Today we’d like to introduce you to Garrett Policastro.

Garrett, let’s start with your story. We’d love to hear how you got started and how the journey has been so far.
I was doing work in the architectural field as an overflow draftsman and designer from 94′-2002. This whole time I had to work in restaurants to either put myself through school or supplement my design career. At the time, I didn’t realize that I was a budding restauranteur in the making. But I did know that all the NY pizza LA sucked.
Maybe they looked like one or acted like one, but the nuances of the crust and flavors just wasn’t right. Or the look and feel was too cheesy to ever be cool.

So I started out drawing sketches of what I thought a great pizza joint should look like. A cross between Jack Rabbit slims and Cosmos Pizza in Syracuse, NY (My hometown). Lots of bright fiberglass booths, stainless countertops, wood accents and shiny retro tile. Within months I had a 2″ book of every detail of this proposed idea. And no idea how to cook a pizza.

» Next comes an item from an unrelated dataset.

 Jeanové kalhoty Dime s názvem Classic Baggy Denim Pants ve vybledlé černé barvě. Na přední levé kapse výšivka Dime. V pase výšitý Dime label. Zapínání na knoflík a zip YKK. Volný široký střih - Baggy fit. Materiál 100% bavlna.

In 2003, I went back to NY and worked for my uncles Tony and Dominick Crocilla who owned and operated many different types of pizzerias like Sicilian Delight and Paulies throughout NY and Jersey. They put me through pizza university where I absorbed everything like a sponge. I was cooking and managing for three years while simultaneously learning and practicing family recipes.

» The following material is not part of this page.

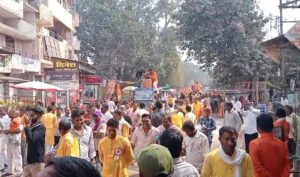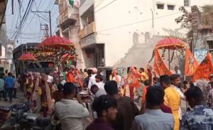 राम मंदिर प्राण प्रतिष्ठा वर्षगांठ के अवसर पर निकाली गई भव्य शोभायात्रा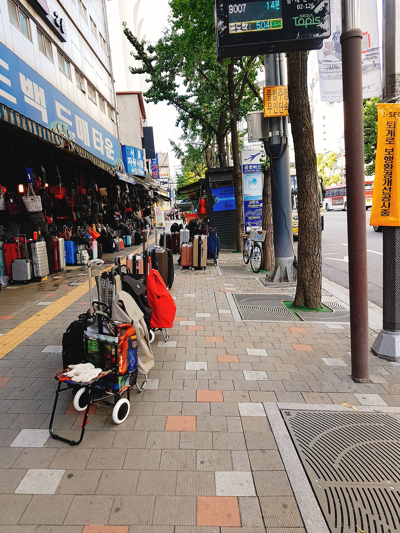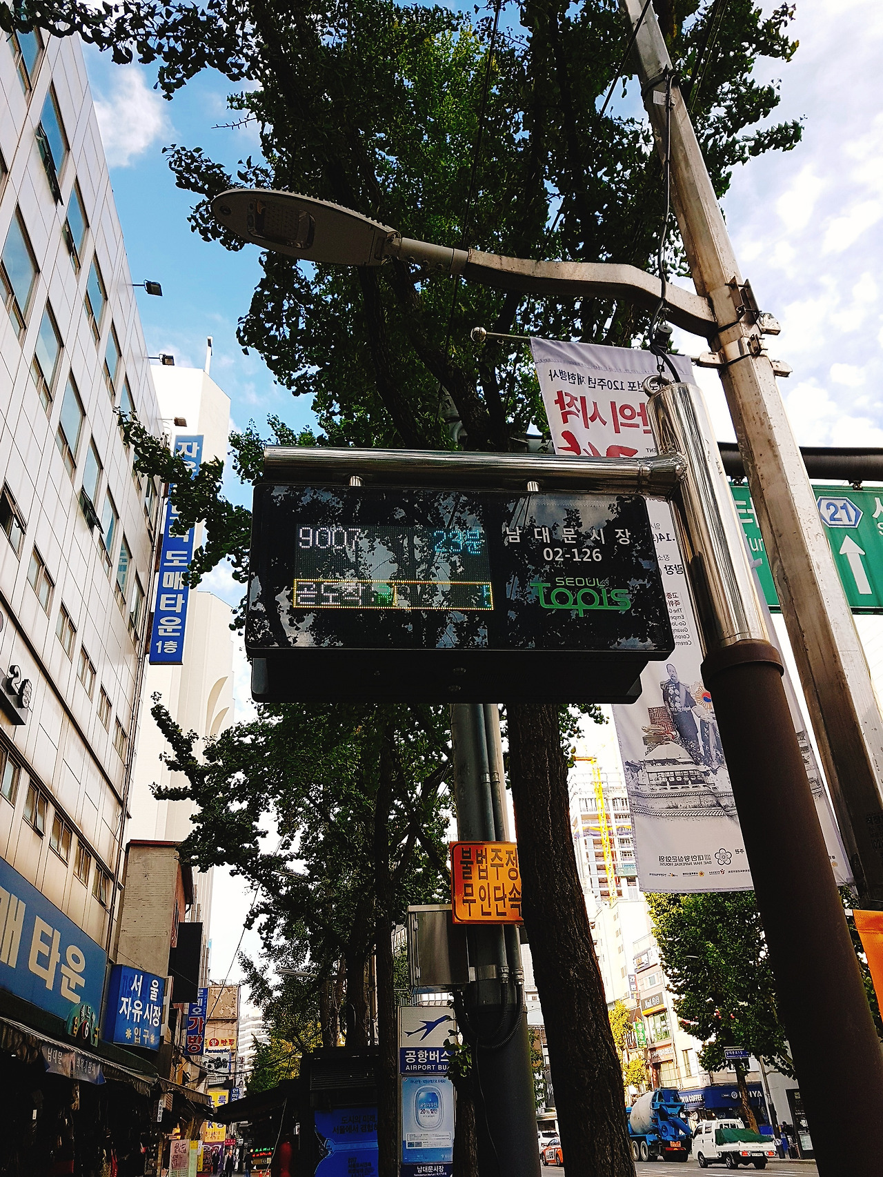 남대문 가방 가개 앞에서 9007버스를 기다린다.

In 2006, I moved back out to Los Angeles with a chance to take over a failing pizzeria on Melrose Avenue from a buddy. I opened Tomato Pie Pizza Joint in June and within weeks we had a line around the block.

In 2008, my good friend Freddy Suarez injected his knowledge and passion into the concept and together we opened up two more units that were both bigger and more successful than that first little hole in the wall. His knowledge and contribution to system building and brand development were vital to our growth and honestly, it’s what took us to a legit company instead of just a pizza shop.

In 2011, we diversified a little bit and tapped into his families Equadorian and southern Mexican recipes with a new concept called Mixto. An all-natural mix of Latin influences and fast casual spot in Silver Lake.

We closed down our original Tomato Pie on Melrose in June of 2019 to concentrate on the East side of Los Angeles and currently have two pumping out 300 to 400 pies a day.

Has it been a smooth road?
Oh man, that is a long story. We learned so much through failures and obstacles that currently we have a consulting company called Carpe Diem LLC that helps other restaurant hopefuls avoid all the potholes we stepped in. But in a nutshell, I’d say Liability, Training system, setting goals and balance are the most important things we teach people.

So let’s switch gears a bit and go into the Tomato Pie Pizza Joint and Mixto Comida Latina story. Tell us more about the business.
At Tomato Pie it’s the pizza and the brand. We were the first ones to really break down the science of water and how it affected dough. There were a few companies like Hard Times, La Monicas and Mulberry that said they were shipping water out here. But that was all bull shit, they were just buying frozen dough from Sysco. Which did come from NY, but still it was frozen…end of story. We did a ton of research on creating a system in house that matched the reservoir water from NY giving us the type of crust “You could hold and fold”. That was a game changer out here. But even the best crust in the world is not enough. You have to understand distribution of toppings and sauces, you need quality ingredients, you have to care about everything you put your hands on You gotta just know what it’s supposed to be.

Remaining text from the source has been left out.